Finally, we investigated livestock density as a potential non-climatic driver affecting fuel amount. The population density of livestock increased with time in all counties and was greatest in the central, northern and southern counties of Qostanay, Pavlodar and Qaraghandy (Fig. 5e). The coupling of livestock density with PDSI affected the extent of the area burned (Fig. S1.4 in the Supplement) with p=0.042 (Table 2). The area burned was negatively correlated with the population of livestock throughout nearly all of Kazakhstan (Fig. 6e). This observation suggests that the increasing population of grazing livestock may have reduced fuel-bed continuity, contributing to the decrease in the area burned in Kazakhstan.
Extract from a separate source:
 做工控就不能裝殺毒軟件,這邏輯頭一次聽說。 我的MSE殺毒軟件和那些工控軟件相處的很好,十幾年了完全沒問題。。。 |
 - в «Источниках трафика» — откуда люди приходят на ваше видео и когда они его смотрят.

Since 2000, the numbers of sheep, goats and cattle have increased by 60 % in Kazakhstan based on MANE statistics (2019) (Figs. S2 and S3 in the Supplement). Thus, increased livestock grazing could decrease the amount of herbaceous fuel across the landscape and offset increases in fuel quantity due to expanded grassland cover. The net result would be reductions in fire spread and the area burned.
3.4 Interactions of driving forces
The driving forces (e.g., year, PDSI, proportion of grassland cover, ANPP and livestock density) for the decline in the burned areas in Kazakhstan from 2002 to 2016 are interrelated. It is, therefore, critical to evaluate their interactions. For instance, Figs. S1.1–S1.4 illustrate the proportion of burned area affected by the interactions of the driving forces in 174 counties over 15 years (see table Table 2 for more information).
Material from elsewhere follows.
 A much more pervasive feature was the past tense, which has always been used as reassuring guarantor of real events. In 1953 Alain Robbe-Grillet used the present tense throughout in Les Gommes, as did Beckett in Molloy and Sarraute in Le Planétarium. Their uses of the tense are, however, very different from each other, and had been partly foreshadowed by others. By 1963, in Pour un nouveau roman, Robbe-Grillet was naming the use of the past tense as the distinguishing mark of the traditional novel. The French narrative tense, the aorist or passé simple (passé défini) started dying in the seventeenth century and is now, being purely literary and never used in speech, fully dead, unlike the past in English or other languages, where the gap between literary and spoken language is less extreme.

3.4.1 Proportion of grassland cover and year
Both year and the proportion of grassland area had significant effects on burned area when they interacted (Table 2, p<0.001). When the proportion of grassland cover in a county was very low (e.g., 0.48 %), only about 0.6 % of the area was burned annually during the period from 2002 to 2016 (Fig. S1.1, upper left panel). On the contrary, when the grassland cover was 25 % or greater, the area burned declined steadily from 1.5 % in 2000 to 0.6 % in 2016 (Fig. S1.2 lower right panel). This observation is consistent with grassland enhancing the spread of fires in the absence of opposing factors.
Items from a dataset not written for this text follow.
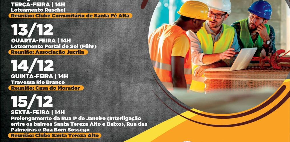 Os encontros ocorrerão entre os dias 11 e 15 de dezembro, com início às 14 horas, visando debater com os moradores que serão beneficiados sobre a legislação municipal, contribuição de melhoria e ainda assuntos gerais, para que a municipalidade possa dar seguimento aos trâmites necessários para execução dessas obras.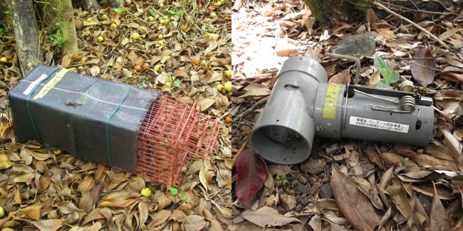捕捉印度小貓鼬的籠式陷阱(左)和筒式陷阱(右)。貓鼬剋星在奄美大島上的貓鼬棲息區內,以50公分間隔線狀設置約3萬個陷阱,每個月全數檢查1次。 取自:環境省奄美野生生物保護中心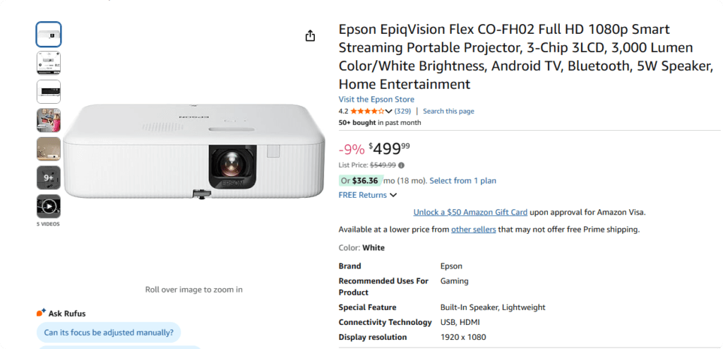 Epson EpiqVision Flex CO-FH02 – $499 on Amazon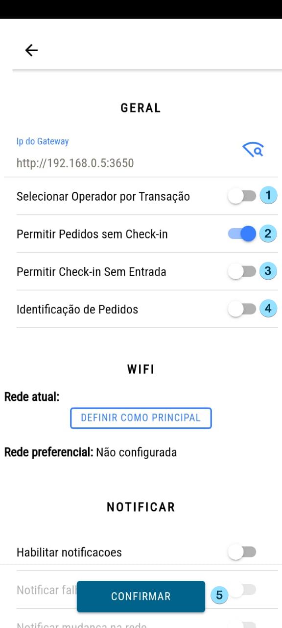 1 – Se o celular for usado sempre pelo mesmo operador, não é necessário habilitar essa opção. Em um tablet compartilhado por vários operadores, especialmente se estiver fixo em um local, é recomendado habilitar essa opção para solicitar a escolha do operador a cada novo pedido feito pelo app.

3.4.2 PDSI and the proportion of grassland area
Both the PDSI and the proportion of grassland area had significant effects on burned area when they interacted (Table 2, p=0.028). As in Fig. S1.2, for a PDSI ranging from −4.5 to ∼2, the percentage of the area burned remained at about 0.6 % for a grassland area of 0.5 % (upper left panel). On the other hand, when grassland cover was 60 %, the fraction of area burned declined from 2.2 % to 0.8 % (lower right panel). This analysis is consistent with grassland enhancing the spread of fires, as in the previous section discussing the proportion of grassland cover through time, and illustrates that increasing wetness significantly decreases burned area, mostly when grassland cover is high.
3.4.3 Livestock density and year
We investigated livestock density as a potential non-climatic driver affecting fuel amount and area burned. The effects of grazing on the area burned from 2002 to 2016 are shown in Table 2 (p=0.089). The declining trend in the area burned with time for different livestock densities are illustrated in Fig. S1.3. A higher livestock density results in less available biomass to burn and less area burned (lower right panel). This provides additional evidence that grazing could reduce the area burned in Kazakhstan.
3.4.4 PDSI and livestock density
The interaction between the PDSI and livestock was significant with respect to the area burned (p=0.042). Figure S1.4 shows the decline in the proportion of burned area with PDSI at different livestock densities. As the PDSI increases (wetter landscape), less area is burned. However, the declining trends differ with livestock density. This relationship is quite different for livestock densities of 0.002 (Fig. S1.4, upper left panel) and 0.05 head km−2 (Fig. S1.4, lower right panel). For instance, for a low PDSI (−4, dry), 1.5 % of the area was burned for all livestock densities. In contrast, at a high PDSI (+2, wet), the percentage of burned area decreases with increasing livestock density. Thus, the area burned is unaffected by grazing intensity during dry years, but during wet years with high biomass (based on our RVS analysis of Reeves, 2016), high grazing intensity tends to decrease burned area.
The spatial and temporal extent of the area burned was examined in different ecosystems in northern Eurasia from 2002 to 2016, during which the average area burned was km2 yr−1. The burned area in grasslands declined by 74 %, from ∼282 000 km2 in 2002 to ∼73 000 km2 in 2016, at a rate of 1.3×104 km2 yr−1. The area burned in forest showed no trend over time. Our burned area is higher than the MODIS MCD64 Collection 6, in which the average annual burned area was 9.7×104 km2 in boreal Asia during the same period (Giglio et al., 2018). Boreal Asia in MCD64 has a similar geographic region to our northern Eurasia. Nevertheless, the interannual variability and the trends in burned area for the two datasets are consistent (Fig. 3).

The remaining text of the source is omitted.